Work required: For the records below, please print exactly and only the lines from the one with "在湯明茶樓,除了有多款茶飲可" down to the one with "Die Philipp Plein®", both ends included, omitting the pictures.

Data for this task:
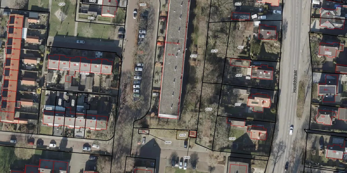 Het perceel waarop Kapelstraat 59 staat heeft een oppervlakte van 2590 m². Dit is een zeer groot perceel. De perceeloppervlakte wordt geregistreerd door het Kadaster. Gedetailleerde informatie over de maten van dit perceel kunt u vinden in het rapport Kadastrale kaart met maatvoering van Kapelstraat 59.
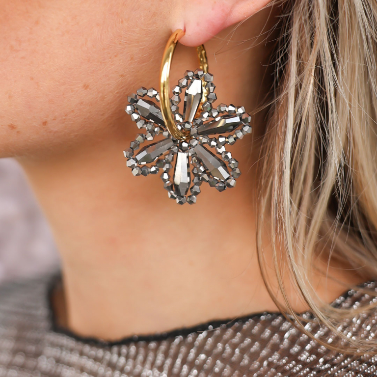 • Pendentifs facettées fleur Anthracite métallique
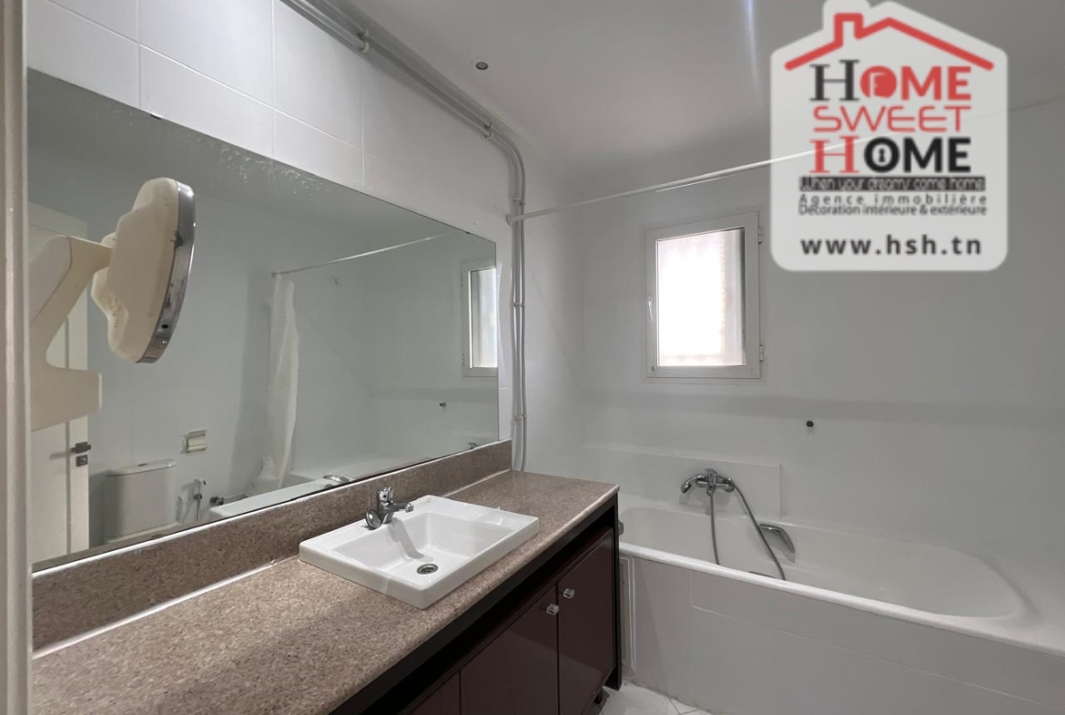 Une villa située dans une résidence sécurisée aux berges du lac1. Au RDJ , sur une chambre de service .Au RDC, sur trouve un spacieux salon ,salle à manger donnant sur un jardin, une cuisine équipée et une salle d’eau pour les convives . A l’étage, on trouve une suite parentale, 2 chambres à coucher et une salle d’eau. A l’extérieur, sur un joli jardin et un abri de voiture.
* * *
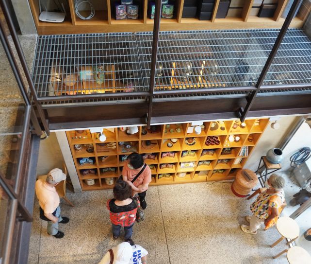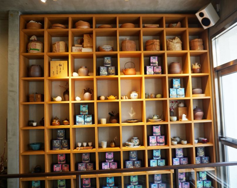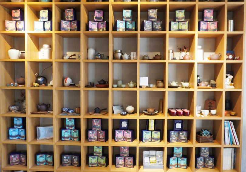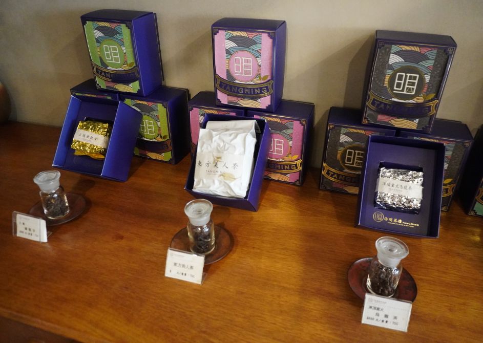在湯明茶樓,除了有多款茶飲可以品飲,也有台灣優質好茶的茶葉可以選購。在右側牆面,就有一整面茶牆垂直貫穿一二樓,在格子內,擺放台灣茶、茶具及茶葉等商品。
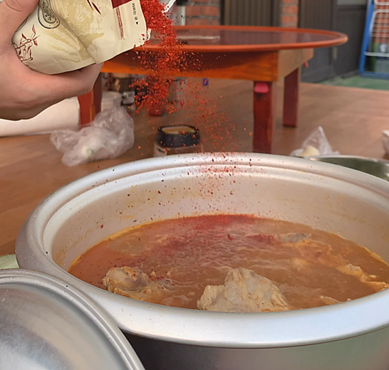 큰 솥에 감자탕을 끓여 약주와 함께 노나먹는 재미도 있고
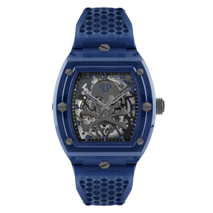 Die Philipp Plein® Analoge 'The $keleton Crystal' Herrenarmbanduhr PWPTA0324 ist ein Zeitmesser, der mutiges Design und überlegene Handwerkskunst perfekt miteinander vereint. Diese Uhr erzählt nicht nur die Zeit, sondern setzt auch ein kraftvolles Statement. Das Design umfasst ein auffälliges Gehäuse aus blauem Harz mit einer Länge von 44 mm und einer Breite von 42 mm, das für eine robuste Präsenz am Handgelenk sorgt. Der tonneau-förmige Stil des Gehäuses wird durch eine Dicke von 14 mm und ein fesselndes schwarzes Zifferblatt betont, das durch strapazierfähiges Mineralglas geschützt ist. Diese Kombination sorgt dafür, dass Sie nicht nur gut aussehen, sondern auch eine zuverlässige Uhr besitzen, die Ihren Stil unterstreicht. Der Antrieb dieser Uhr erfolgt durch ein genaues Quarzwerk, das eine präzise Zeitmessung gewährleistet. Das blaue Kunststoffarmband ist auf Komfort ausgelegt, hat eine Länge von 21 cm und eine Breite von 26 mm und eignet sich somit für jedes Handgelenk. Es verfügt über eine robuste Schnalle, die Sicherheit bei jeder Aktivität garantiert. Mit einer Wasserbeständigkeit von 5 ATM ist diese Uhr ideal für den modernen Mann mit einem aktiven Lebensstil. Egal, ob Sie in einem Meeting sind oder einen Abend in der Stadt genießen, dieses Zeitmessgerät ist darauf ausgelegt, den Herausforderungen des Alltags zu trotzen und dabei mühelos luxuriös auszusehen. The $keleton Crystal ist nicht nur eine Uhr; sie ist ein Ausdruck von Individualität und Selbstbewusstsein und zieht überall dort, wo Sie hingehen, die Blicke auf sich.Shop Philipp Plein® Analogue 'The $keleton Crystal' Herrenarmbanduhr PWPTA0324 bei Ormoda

Solved exercise:
在湯明茶樓,除了有多款茶飲可以品飲,也有台灣優質好茶的茶葉可以選購。在右側牆面,就有一整面茶牆垂直貫穿一二樓,在格子內,擺放台灣茶、茶具及茶葉等商品。
 큰 솥에 감자탕을 끓여 약주와 함께 노나먹는 재미도 있고
 Die Philipp Plein® Analoge 'The $keleton Crystal' Herrenarmbanduhr PWPTA0324 ist ein Zeitmesser, der mutiges Design und überlegene Handwerkskunst perfekt miteinander vereint. Diese Uhr erzählt nicht nur die Zeit, sondern setzt auch ein kraftvolles Statement. Das Design umfasst ein auffälliges Gehäuse aus blauem Harz mit einer Länge von 44 mm und einer Breite von 42 mm, das für eine robuste Präsenz am Handgelenk sorgt. Der tonneau-förmige Stil des Gehäuses wird durch eine Dicke von 14 mm und ein fesselndes schwarzes Zifferblatt betont, das durch strapazierfähiges Mineralglas geschützt ist. Diese Kombination sorgt dafür, dass Sie nicht nur gut aussehen, sondern auch eine zuverlässige Uhr besitzen, die Ihren Stil unterstreicht. Der Antrieb dieser Uhr erfolgt durch ein genaues Quarzwerk, das eine präzise Zeitmessung gewährleistet. Das blaue Kunststoffarmband ist auf Komfort ausgelegt, hat eine Länge von 21 cm und eine Breite von 26 mm und eignet sich somit für jedes Handgelenk. Es verfügt über eine robuste Schnalle, die Sicherheit bei jeder Aktivität garantiert. Mit einer Wasserbeständigkeit von 5 ATM ist diese Uhr ideal für den modernen Mann mit einem aktiven Lebensstil. Egal, ob Sie in einem Meeting sind oder einen Abend in der Stadt genießen, dieses Zeitmessgerät ist darauf ausgelegt, den Herausforderungen des Alltags zu trotzen und dabei mühelos luxuriös auszusehen. The $keleton Crystal ist nicht nur eine Uhr; sie ist ein Ausdruck von Individualität und Selbstbewusstsein und zieht überall dort, wo Sie hingehen, die Blicke auf sich.Shop Philipp Plein® Analogue 'The $keleton Crystal' Herrenarmbanduhr PWPTA0324 bei Ormoda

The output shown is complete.